NOTE 1. BASIS OF PRESENTATION

     The interim condensed consolidated financial statements included herein
have been prepared by Billing Information Concepts Corp. ("Billing") and
subsidiaries (collectively referred to as the "Company"), without audit,
pursuant to the rules and regulations of the Securities and Exchange
Commission. Certain information and footnote disclosures normally included in
financial statements prepared in accordance with generally accepted accounting
principles have been condensed or omitted pursuant to such rules and
regulations. In the opinion of the Company's management, the accompanying
interim condensed consolidated financial statements reflect all adjustments
that are necessary for a fair presentation of the Company's financial position,
results of operations and cash flows for such periods. All such adjustments are
of a normal recurring nature. It is recommended that these interim condensed
consolidated financial statements be read in conjunction with the consolidated
financial statements and the notes thereto included in the Company's Annual
Report on Form 10-K for the year ended September 30, 1996. Results of
operations for interim periods are not necessarily indicative of results that
may be expected for any other interim periods or the full fiscal year.
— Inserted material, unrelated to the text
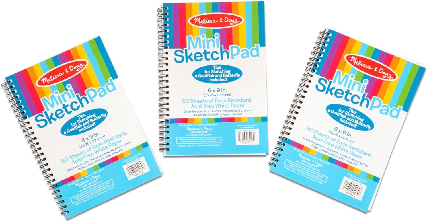 Nothing is better for art-on-the-go than these wire-bound pads of professional quality paper. Sketch artists, of every age, will appreciate the handy size and the smoothly tearing edge. They even comes with two sketch starters inside the front cover!. For more than 30 years, Melissa & Doug has created beautifully designed imagination- and creativity-sparking products that NBC News called “the gold standard in early childhood play.” We design every toy to the highest quality standards, and to nurture minds and hearts. If your child is not inspired, give us a call and we’ll make it right. Our phone number is on every product!

Certain
prior period amounts have been reclassified for comparative purposes.

     The preparation of financial statements in conformity with generally
accepted accounting principles requires management to make estimates and
assumptions that affect the reported amounts of assets and liabilities and
disclosure of contingent assets and liabilities at the date of the financial
statements and the reported amounts of revenues and expenses during the
reporting period. Actual results could differ from those estimates.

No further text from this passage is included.